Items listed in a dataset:
------------------------------------------------
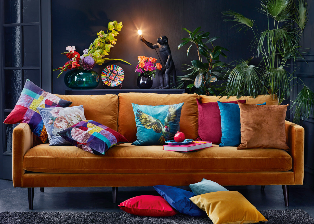 APELT Elliot Kissen Papagei Samt grün türkis
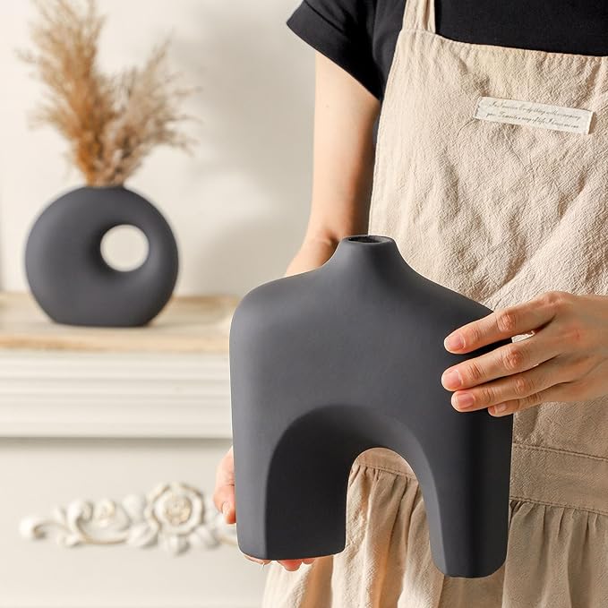 - 🏺【Modern Sculptural Design】Featuring soft, flowing curves and a hollow center, these vases combine minimalist beauty with artistic form. Their clean silhouette adds elegance and visual interest — even without flowers.
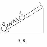 8.如图8所示,A、B球的质量相等,弹簧的质量不计,倾角为θ的斜面光滑,
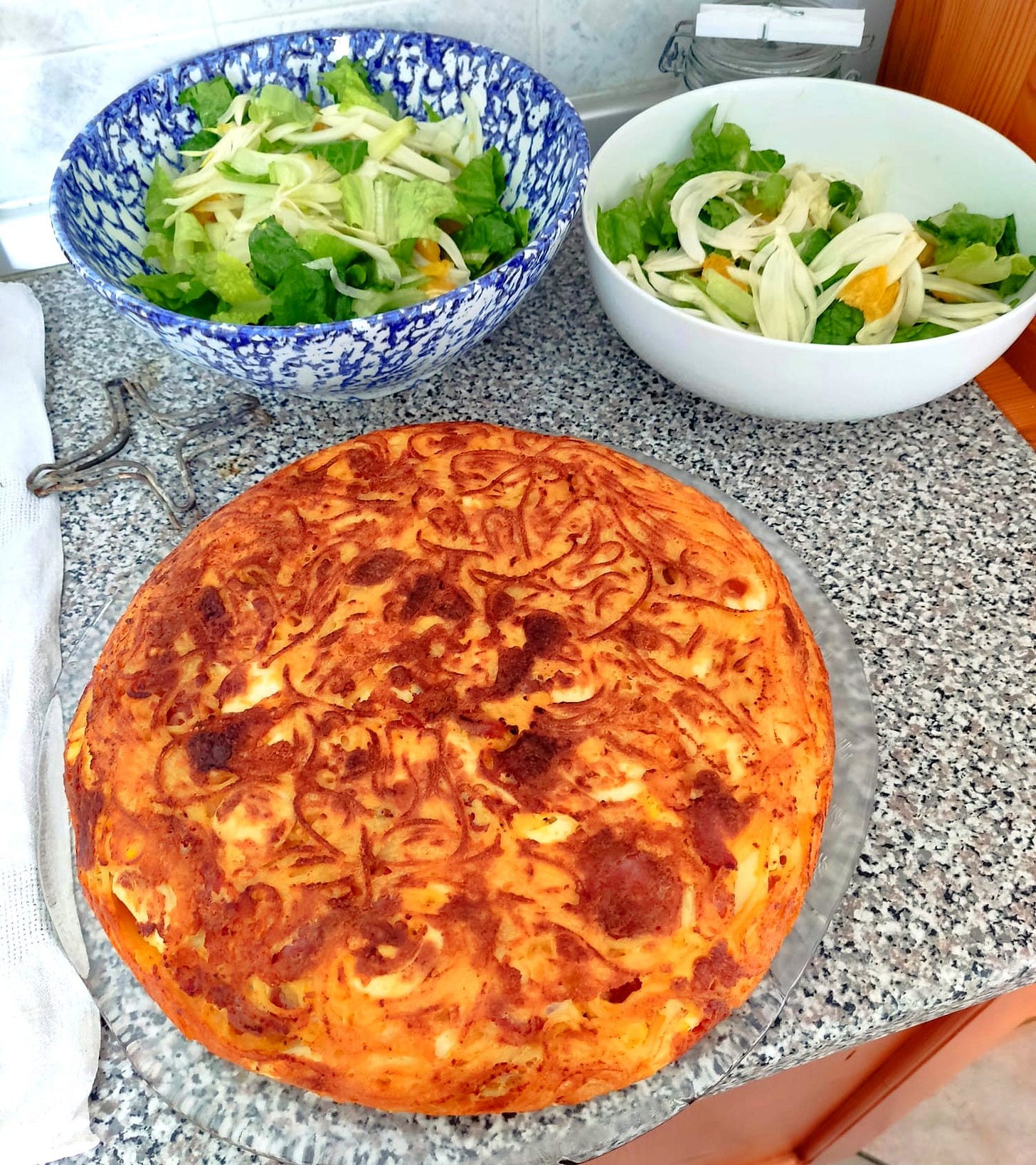 Si les digo que yo amo esta tortilla de pasta es poco, me parece que es uno de los platos rústicos más apetitosos del mundo; les voy a pasar la receta en estos días para que puedan replicarla en sus casas, aunque estoy consciente que lleva productos locales, preguntaré por los productos sustitutos para los que estén fuera de Italia.
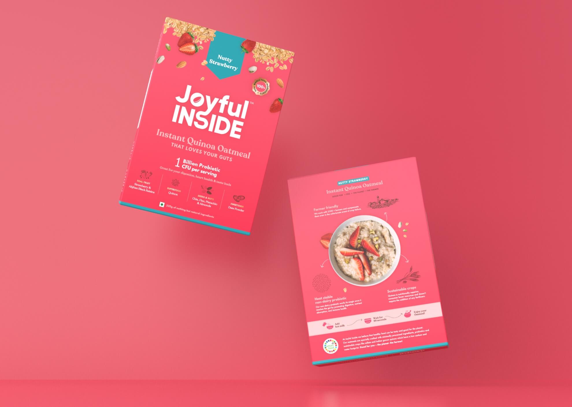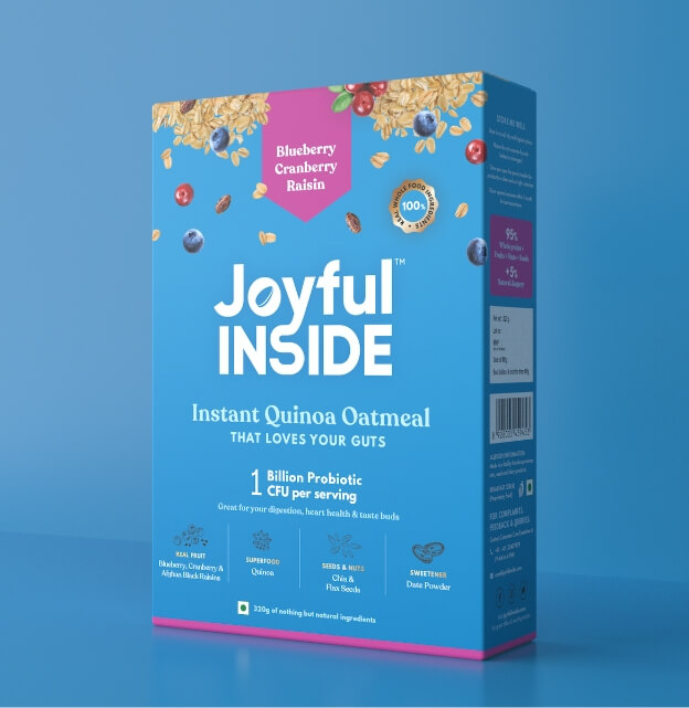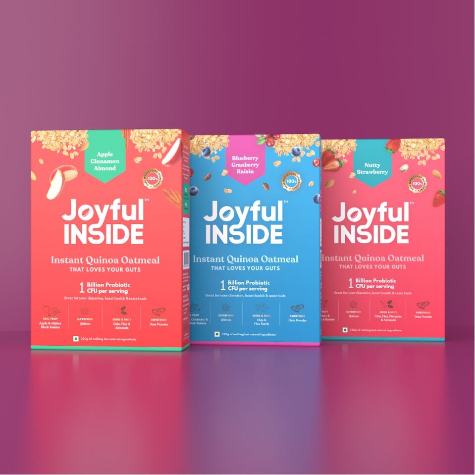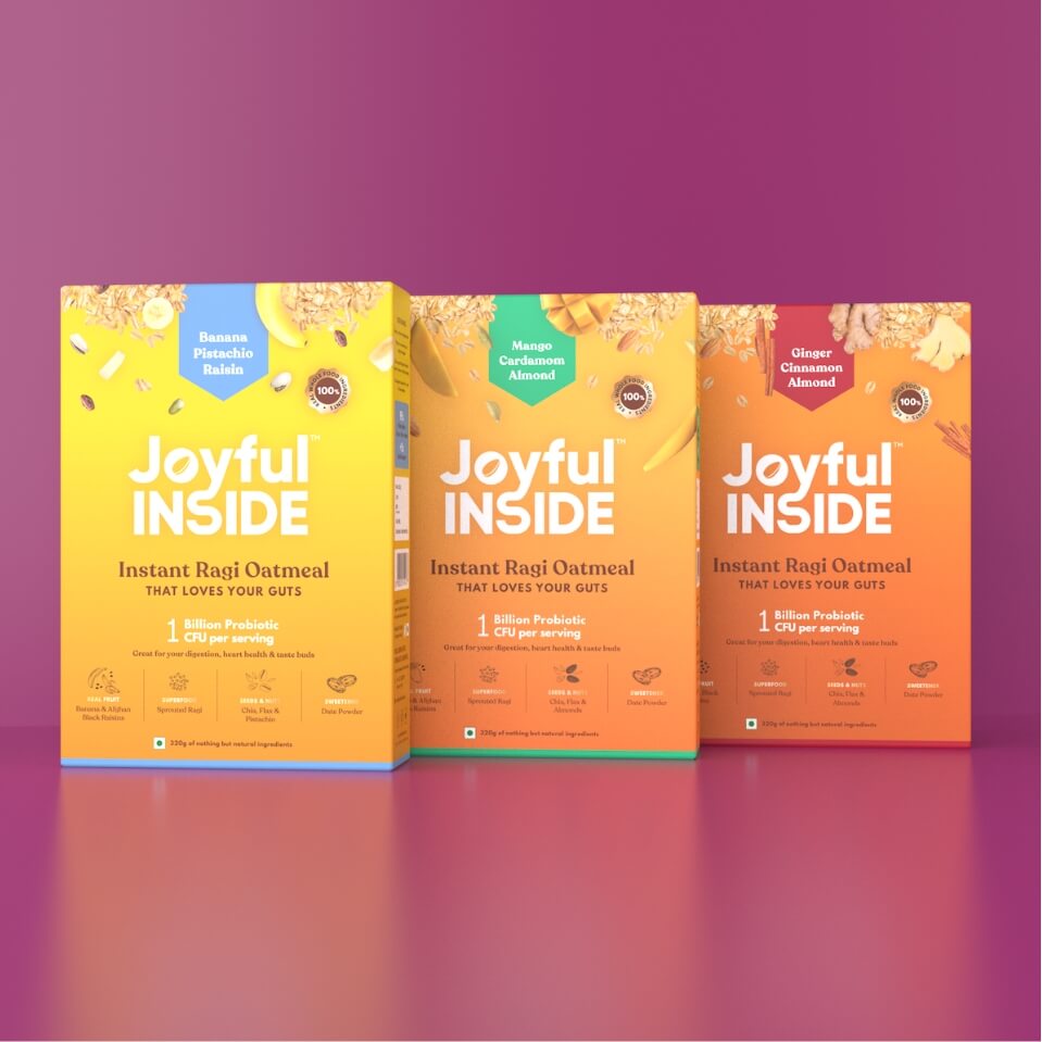 Joyful Inside is a probiotic food brand creating a new market in India. The project involved competitive research, brand strategy, brand identity and packaging design for their first line of products – India’s first probiotic oatmeal. The ask was to create a breakfast cereal brand like no other – youthful without being childish, trustworthy without any asterisks, something that no one had seen before. And that’s exactly what we did.
------------------------------------------------
Output a precise copy of the entries, leaving the images out.

 APELT Elliot Kissen Papagei Samt grün türkis
 - 🏺【Modern Sculptural Design】Featuring soft, flowing curves and a hollow center, these vases combine minimalist beauty with artistic form. Their clean silhouette adds elegance and visual interest — even without flowers.
 8.如图8所示,A、B球的质量相等,弹簧的质量不计,倾角为θ的斜面光滑,
 Si les digo que yo amo esta tortilla de pasta es poco, me parece que es uno de los platos rústicos más apetitosos del mundo; les voy a pasar la receta en estos días para que puedan replicarla en sus casas, aunque estoy consciente que lleva productos locales, preguntaré por los productos sustitutos para los que estén fuera de Italia.
 Joyful Inside is a probiotic food brand creating a new market in India. The project involved competitive research, brand strategy, brand identity and packaging design for their first line of products – India’s first probiotic oatmeal. The ask was to create a breakfast cereal brand like no other – youthful without being childish, trustworthy without any asterisks, something that no one had seen before. And that’s exactly what we did.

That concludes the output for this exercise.